Dalam laporan itu, tim pecari fakta mendesak Dewan Keamanan PBB memastikan semua pelaku dimintai pertanggungjawaban. Tim tersebut menyarankan agar Myanmar segera diselidiki oleh Mahkamah Pidana Internasional (ICC) atau melalui pengadilan ad hoc.



Tim pencari fakta juga mendesak komunitas internasional memberlakukan embargo senjata terhadap Myanmar.

"DK PBB harus mengadopsi sanksi individu, termasuk larangan perjalanan dan membekukan aset mereka, terhadap para pelaku yang paling bertanggung jawab atas kejahatan serius di bawah hukum internasional ini," bunyi laporan tersebut.

Laporan tersebut dirilis menyusul krisis kemanusiaan yang kembali memburuk di Rakhine pada Agustus 2017 lalu. Saat itu, militer melancarkan operasi pembersihan dengan dalih memberangus "teroris Rohingya" yang sebelumnya sempat menyerang belasan pos keamanan di Rakhine.

Alih-alih menangkap pelaku penyerangan, militer diduga mengusir, menyiksa, hingga membunuh etnis minoritas Rohinya yang tinggal di Rakhine. Dengan bantuan warga lokal, militer bahkan disebut membakar desa-desa Rohingya di wilayah itu.

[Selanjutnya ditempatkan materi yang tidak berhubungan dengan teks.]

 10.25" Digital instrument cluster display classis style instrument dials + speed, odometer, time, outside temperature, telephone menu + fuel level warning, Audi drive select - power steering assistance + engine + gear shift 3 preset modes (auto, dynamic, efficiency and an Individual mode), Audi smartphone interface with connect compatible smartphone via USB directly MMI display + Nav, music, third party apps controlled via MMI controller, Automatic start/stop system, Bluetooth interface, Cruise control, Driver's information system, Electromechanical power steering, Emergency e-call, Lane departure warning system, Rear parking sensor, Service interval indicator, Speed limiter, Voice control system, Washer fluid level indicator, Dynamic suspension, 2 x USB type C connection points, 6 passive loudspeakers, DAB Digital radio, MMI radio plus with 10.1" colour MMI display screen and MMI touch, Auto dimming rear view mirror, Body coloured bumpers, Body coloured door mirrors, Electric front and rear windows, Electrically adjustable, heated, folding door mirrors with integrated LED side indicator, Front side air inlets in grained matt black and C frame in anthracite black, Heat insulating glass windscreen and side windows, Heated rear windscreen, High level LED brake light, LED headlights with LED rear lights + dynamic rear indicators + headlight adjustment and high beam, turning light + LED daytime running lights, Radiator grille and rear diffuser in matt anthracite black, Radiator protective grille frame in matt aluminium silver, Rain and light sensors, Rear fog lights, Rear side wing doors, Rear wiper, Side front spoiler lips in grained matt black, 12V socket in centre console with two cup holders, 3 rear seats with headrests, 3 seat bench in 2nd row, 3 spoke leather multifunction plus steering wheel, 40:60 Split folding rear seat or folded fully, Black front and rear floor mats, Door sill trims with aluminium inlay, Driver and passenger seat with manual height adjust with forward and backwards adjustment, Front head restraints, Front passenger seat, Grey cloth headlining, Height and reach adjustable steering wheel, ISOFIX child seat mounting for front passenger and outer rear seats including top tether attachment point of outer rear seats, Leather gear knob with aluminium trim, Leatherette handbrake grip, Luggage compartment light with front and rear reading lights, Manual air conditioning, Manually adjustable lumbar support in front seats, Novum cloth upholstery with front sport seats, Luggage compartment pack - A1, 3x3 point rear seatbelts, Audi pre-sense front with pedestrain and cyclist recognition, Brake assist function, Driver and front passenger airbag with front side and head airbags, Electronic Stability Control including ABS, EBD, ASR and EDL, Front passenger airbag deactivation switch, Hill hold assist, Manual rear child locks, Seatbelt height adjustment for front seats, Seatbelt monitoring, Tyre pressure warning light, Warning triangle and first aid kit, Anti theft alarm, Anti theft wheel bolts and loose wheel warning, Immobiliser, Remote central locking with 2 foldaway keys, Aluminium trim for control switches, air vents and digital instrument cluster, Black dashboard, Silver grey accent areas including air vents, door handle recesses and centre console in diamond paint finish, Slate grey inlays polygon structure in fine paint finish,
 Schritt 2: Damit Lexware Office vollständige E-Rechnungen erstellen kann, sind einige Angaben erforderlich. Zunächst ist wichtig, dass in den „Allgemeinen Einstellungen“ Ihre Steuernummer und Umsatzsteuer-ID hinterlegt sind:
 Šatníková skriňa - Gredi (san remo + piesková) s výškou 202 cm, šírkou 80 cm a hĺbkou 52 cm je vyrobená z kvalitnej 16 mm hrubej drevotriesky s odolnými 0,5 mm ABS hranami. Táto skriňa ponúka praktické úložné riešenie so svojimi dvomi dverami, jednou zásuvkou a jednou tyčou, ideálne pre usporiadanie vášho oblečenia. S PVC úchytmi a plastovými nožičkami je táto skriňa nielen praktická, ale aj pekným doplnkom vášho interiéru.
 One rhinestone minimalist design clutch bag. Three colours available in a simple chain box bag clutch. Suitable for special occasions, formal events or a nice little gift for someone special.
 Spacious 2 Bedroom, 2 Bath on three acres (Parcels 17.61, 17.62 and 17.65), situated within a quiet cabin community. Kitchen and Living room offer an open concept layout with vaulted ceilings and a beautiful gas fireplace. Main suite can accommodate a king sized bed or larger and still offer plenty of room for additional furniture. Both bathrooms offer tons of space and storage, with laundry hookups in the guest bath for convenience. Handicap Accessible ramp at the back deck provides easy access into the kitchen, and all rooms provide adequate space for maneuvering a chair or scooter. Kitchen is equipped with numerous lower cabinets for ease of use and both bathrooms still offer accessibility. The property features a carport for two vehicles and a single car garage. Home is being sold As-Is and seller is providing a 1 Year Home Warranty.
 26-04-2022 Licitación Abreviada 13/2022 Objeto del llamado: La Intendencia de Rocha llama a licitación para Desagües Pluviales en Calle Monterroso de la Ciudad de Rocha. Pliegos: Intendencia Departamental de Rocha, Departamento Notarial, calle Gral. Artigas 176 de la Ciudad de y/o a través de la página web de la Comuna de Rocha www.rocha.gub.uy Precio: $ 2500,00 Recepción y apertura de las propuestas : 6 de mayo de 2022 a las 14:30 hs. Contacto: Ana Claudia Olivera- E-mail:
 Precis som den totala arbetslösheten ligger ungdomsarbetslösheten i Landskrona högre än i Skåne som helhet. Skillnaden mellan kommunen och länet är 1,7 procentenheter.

Kekerasan itu pun memicu sedikitnya 700 ribu Rohingya untuk melarikan diri ke perbatasan Bangladesh.



Tim pencari fakta telah membuka penyelidikan sejak akhir tahun lalu dan berhasil mewawancarai sedikitnya 875 korban dan saksi mata di perbatasan Bangladesh dan beberapa negara lain.

Tak hanya itu, tim yang terdiri dari lima panelis independen itu juga ikut menganalisis dokumen, foto satelit, gambar, hingga rekaman video terkait krisis kemanusiaan itu.

Dalam laporannya, tim pencari fakta mengatakan tindakan militer, termasuk membakar desa-desa "sangat tidak proporsional."

Dihubungi melalui telepon oleh Reuters, juru bicara militer Myanmar Mayor Jenderal Tun Tun Nyu tidak bisa segera mengomentari laporan PBB tersebut. Juru bicara Suu Kyi, Zaw Htay, juga tak dapat segera dimintai tanggapan terkait pernyataan PBB itu.